Job Description:
• Build and maintain evaluation frameworks for LLMs and generative AI systems tailored to public safety and intelligence use cases.
• Design guardrails and alignment strategies to minimize bias, toxicity, hallucinations, and other ethical risks in production workflows.
• Partner with AI engineers and data scientists to define online and offline evaluation metrics (e.g., model drifts, data drifts, factual accuracy, consistency, safety, interpretability).
• Implement continuous evaluation pipelines for AI models, integrated into CI/CD and production monitoring systems.
• Collaborate with stakeholders to stress test models against edge cases, adversarial prompts, and sensitive data scenarios.
• Research and integrate third-party evaluation frameworks and solutions; adapt them to our regulated, high-stakes environment.
• Work with product and customer-facing teams to ensure explainability, transparency, and auditability of AI outputs.
• Provide technical leadership in responsible AI practices, influencing standards across the organization.
• Contribute to DevOps/MLOps workflows for deployment, monitoring, and scaling of AI evaluation and guardrail systems (experience with Kubernetes is a plus).
• Document best practices and findings, and share knowledge across teams to foster a culture of responsible AI innovation.
Requirements:
• Bachelor's or Master's in Computer Science, Artificial Intelligence, Data Science, or related field.
• 3–5+ years of hands-on experience in ML/AI engineering, with at least 2 years working directly on LLM evaluation, QA, or safety.
• Strong familiarity with evaluation techniques for generative AI: human-in-the-loop evaluation, automated metrics, adversarial testing, red-teaming.
• Experience with bias detection, fairness approaches, and responsible AI design.
• Knowledge of LLM observability, monitoring, and guardrail frameworks e.g Langfuse, Langsmith
• Proficiency with Python and modern AI/ML/LLM/Agentic AI libraries (LangGraph, Strands Agents, Pydantic AI, LangChain, HuggingFace, PyTorch, LlamaIndex).
• Experience integrating evaluations into DevOps/MLOps pipelines, preferably with Kubernetes, Terraform, ArgoCD, or GitHub Actions.

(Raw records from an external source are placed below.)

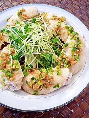 楽天レシピ:「ぷりぷり鶏手羽先の☆香味野菜タレがけ 」より
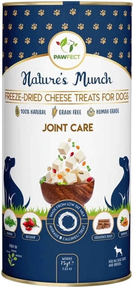 Pawfect Functionele Freeze Dried hondensnack Gewricht Verzorging 75 gr. Heerlijke voedzame snacks gemaakt van cottage cheese gemengd met luzerne, zoethoutwortel, rozenbottel en kurkuma. Deze snacks zijn speciaal samengesteld voor honden met gewrichtsproblemen en hele actieve (sport)honden. Ze zijn gevriesdroogd om zo de zorgvuldig geselecteerde ingredienten te behouden. Deze snacks worden aanbevolen om de gewrichten te helpen ondersteunen. De combinatie van luzerne, rozenbottel, zoethoutwortel en kurkuma zorgt voor een vermindering van pijn en ontstekingen. Daarnaast krijgt het immuumsysteem een extra boost en beschermd het kraakbeen. Net als de voedingen en andere snacks van Pawfect, zijn deze snacks gemaakt van 100% natuurlijke ingrediënten en bevatten ze geen toegevoegde, kleur-, geur- en smaakstoffen of conserveringsmiddelen. Daarnaast zijn ze vrij van gluten, granen en soja.
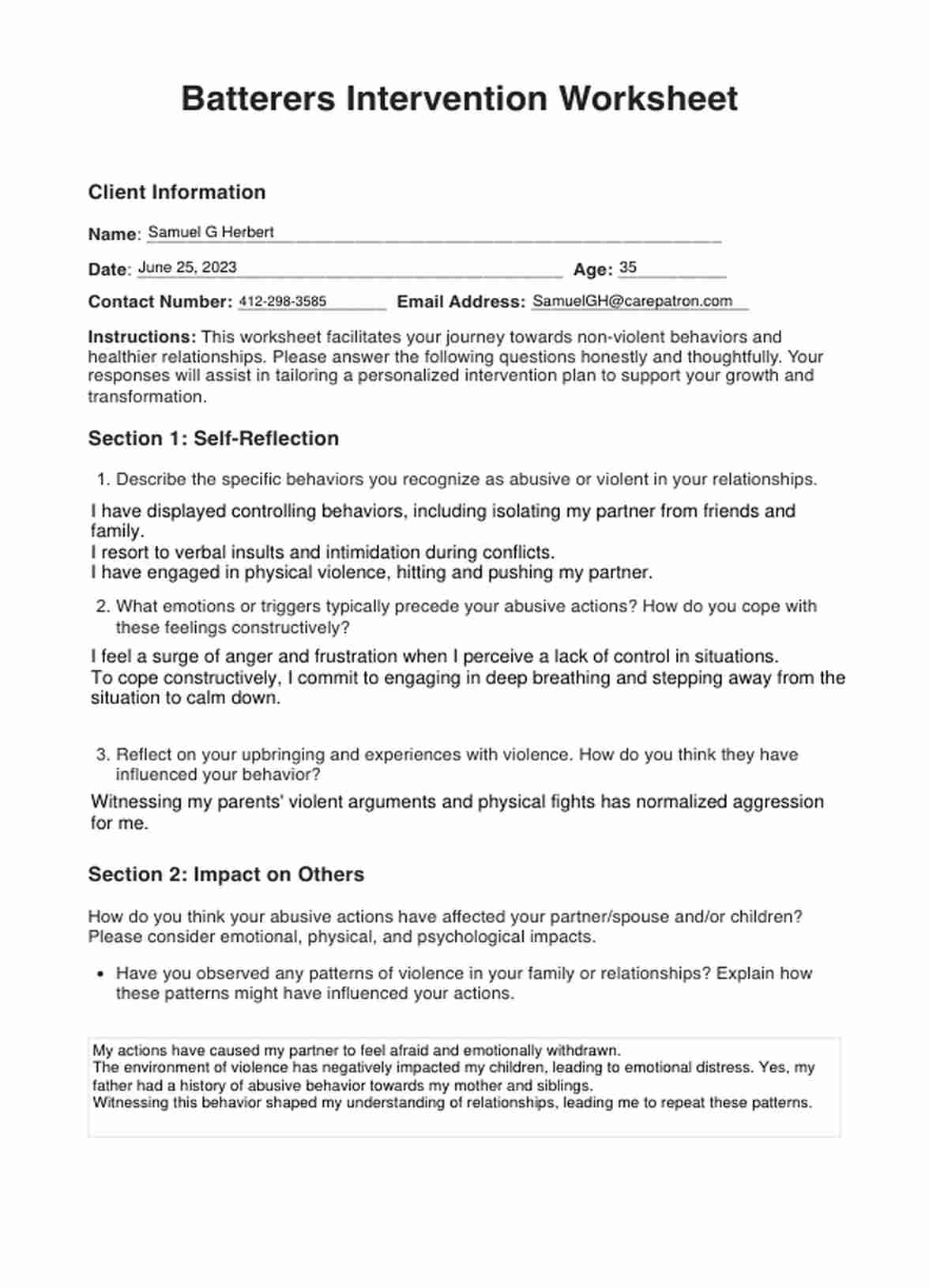 Transform behaviors with our Batterers Intervention Worksheet. Cultivate positive change, promote accountability, and foster healthy relationships.
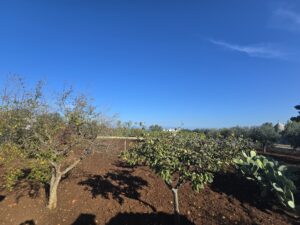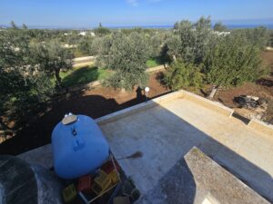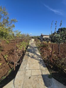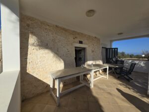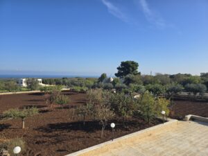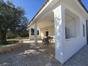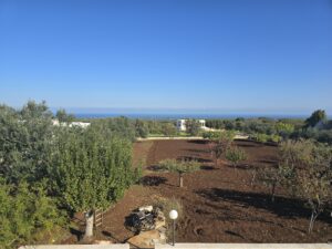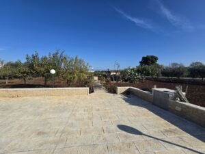 Bel terreno circostante di 2500 mq circa con la presenza di alberi di ulivo e frutti vari. La proprieta' gode di vista mare.
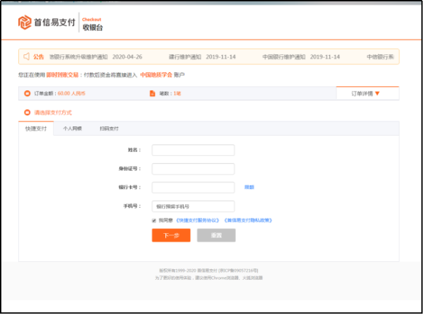 8、有三种付款方式,选一种自己方便付款的进行付款。
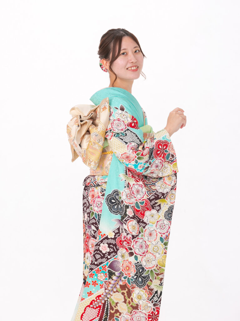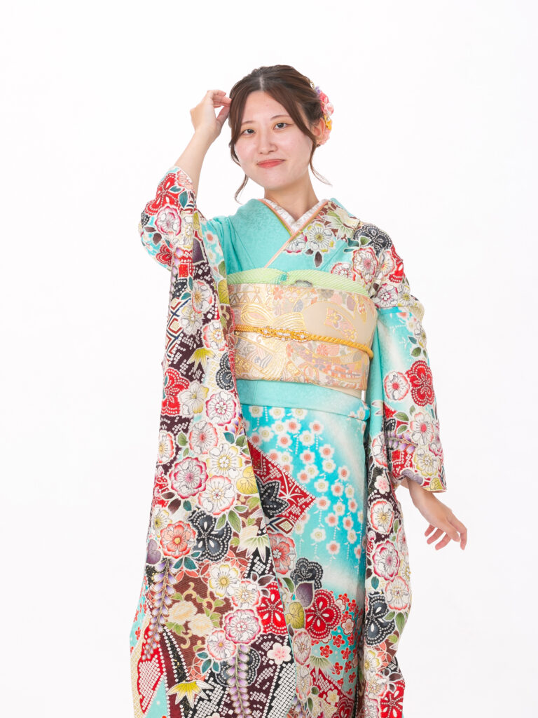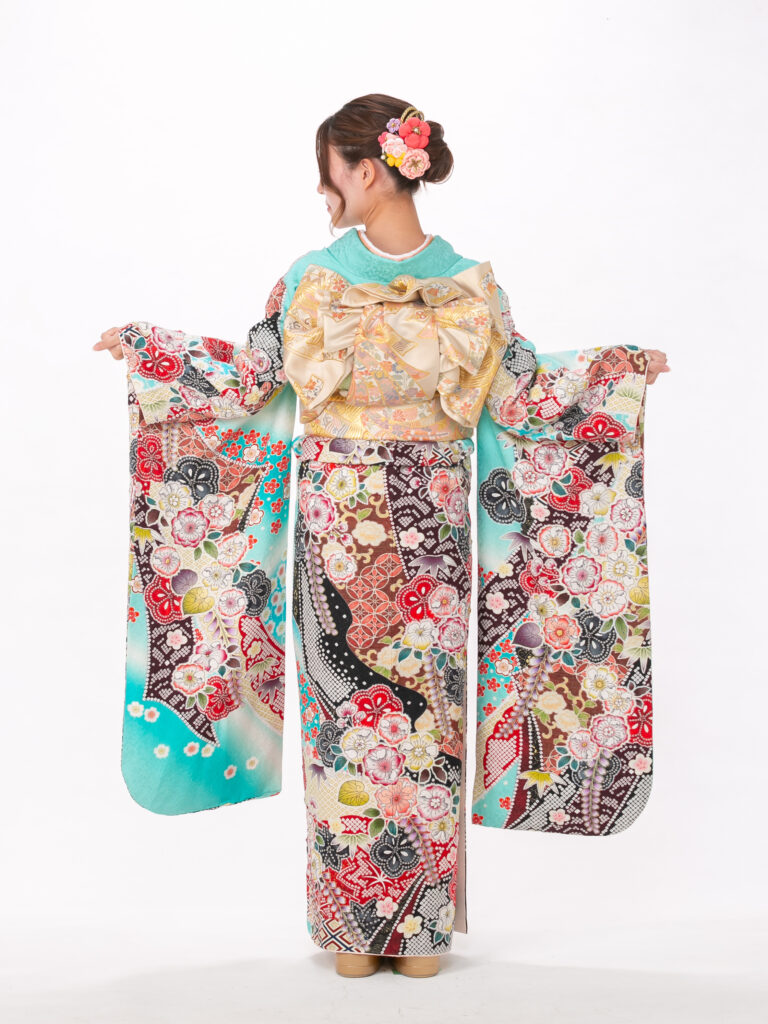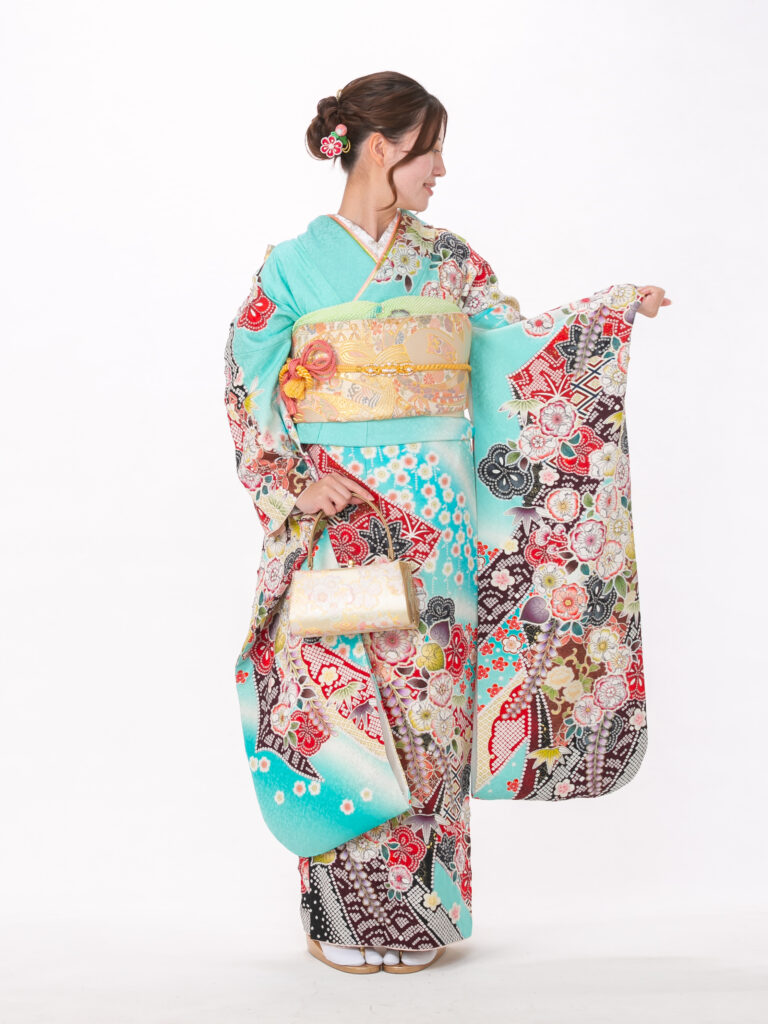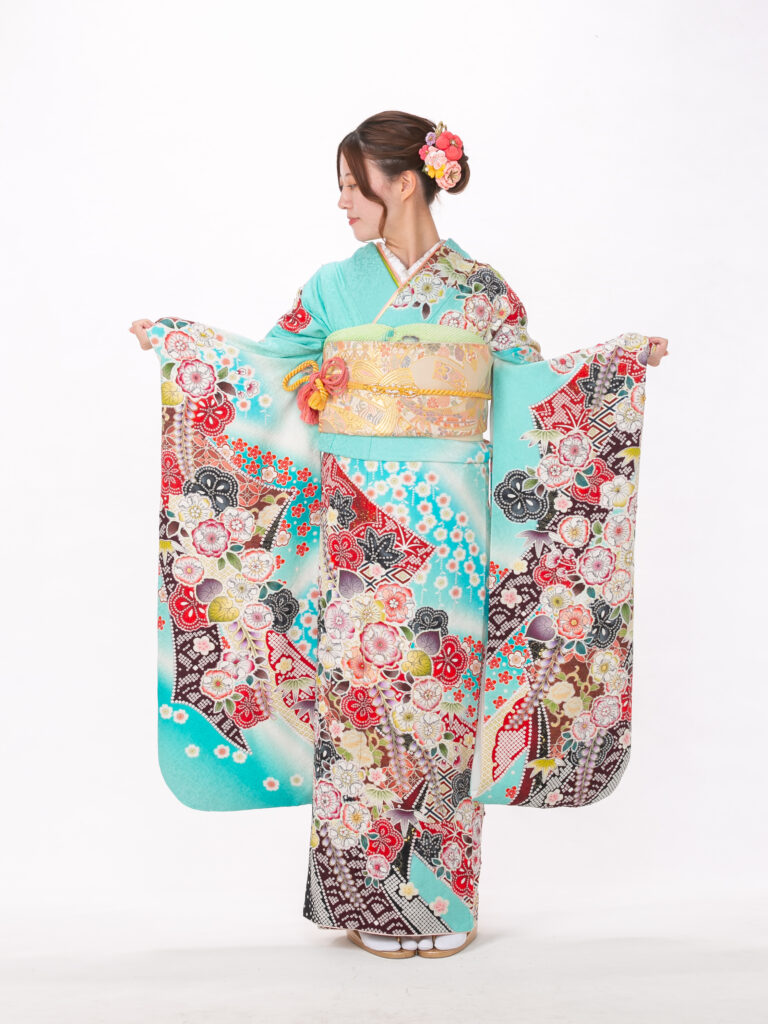 清涼感あふれる水色の地色に、 色とりどりの古典柄をあしらった振袖。 一枚の絵のように繋がる絵羽模様は、 振袖の格の高さを象徴します。
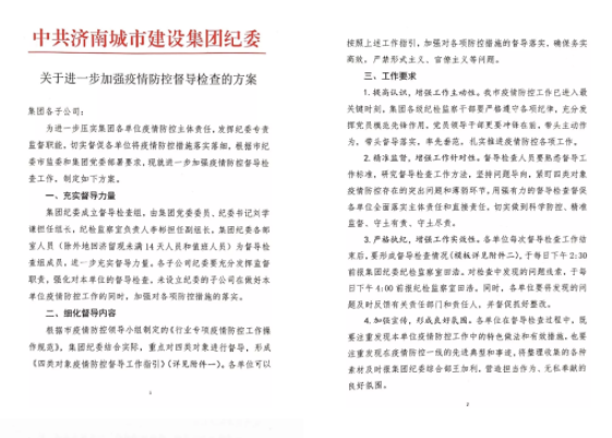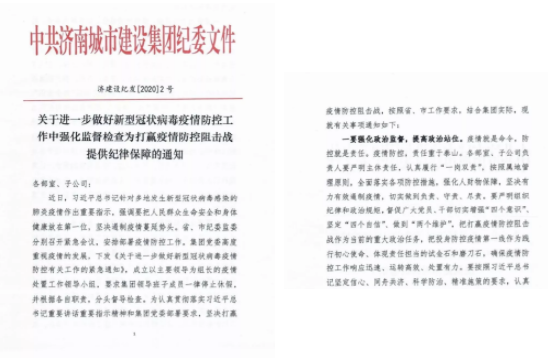 疫情就是命令,防控就是责任。济南城市建设集团把疫情防控作为当前最重要的政治任务来抓,按照中央、省、市委关于做好新型冠状病毒肺炎疫情防控的部署和要求,快速响应,迅速部署,采取有力措施,注重党委、纪委两个责任的协同配合,深化一线督导检查,以最坚决的态度、最严格的执行、最果断的行动,全力以赴推动疫情防控责任落实。
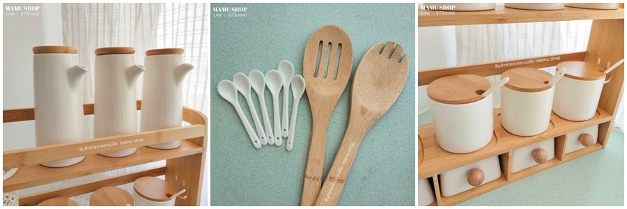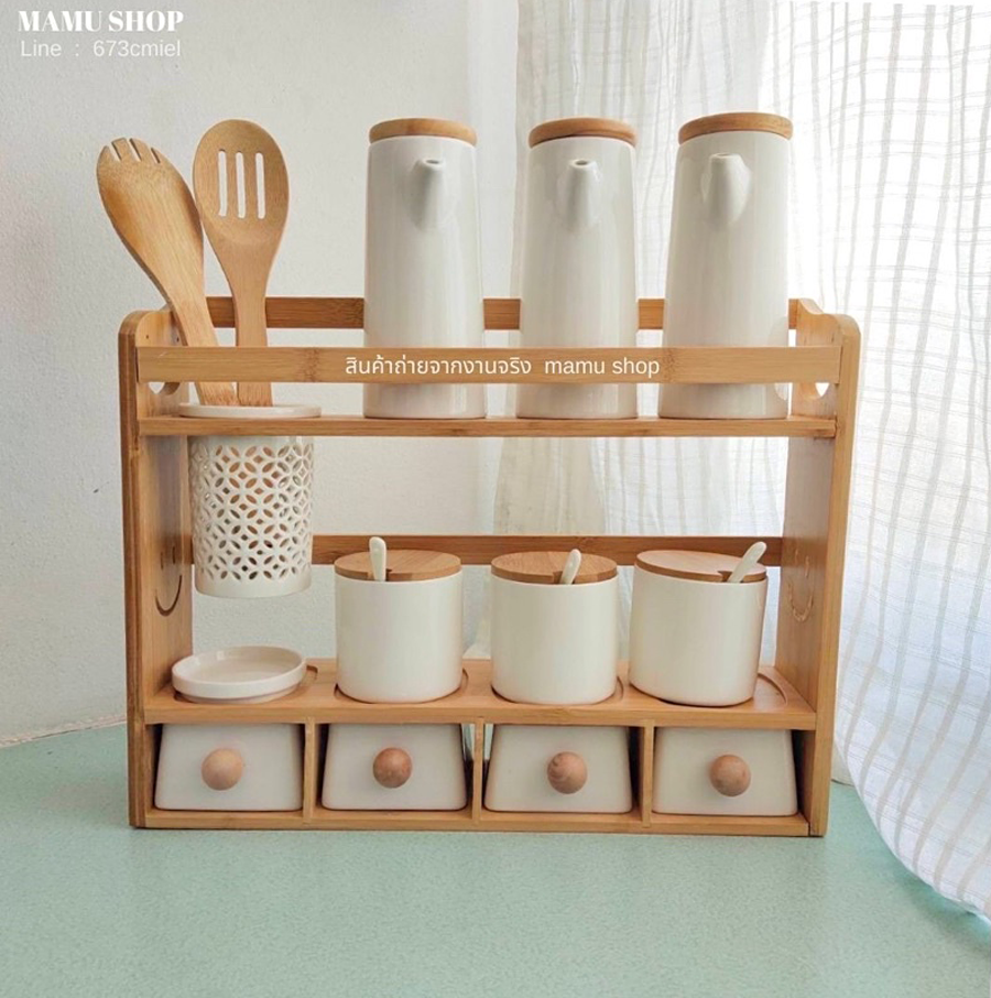 ชุดเครื่องปรุงเซรามิคลายไม้ที่ทำออกมาในสไตล์มินิมอล ในชุดประกอบด้วย ชั้นวางไม้ไผ่ ขวดเเก้วเซรามิค ที่ใส่ช้อนเซรามิค จานรองเซรามิค ที่ใสเครื่องปรุงเซรามิค ช้อนเซรามิค ลิ้นชักเซรามิค ไม้พาย และช้อนตักเครื่องปรุง ขนาดกระทัดรัดเห็นแล้วอยากเข้าครัวทำอาหารขึ้นมาเลย

• Understanding of cloud AI platforms (AWS, Azure) and deployment best practices.
• Strong problem-solving skills, with the ability to design practical evaluation systems for real-world, high-stakes scenarios.
• Excellent communication skills to translate technical risks and evaluation results into insights for both technical and non-technical stakeholders.
Benefits:
• 3 weeks of paid vacation – out the gate!!
• Competitive Salary.
• Generous medical, dental, and vision plans.
• Sick, and paid holidays are offered.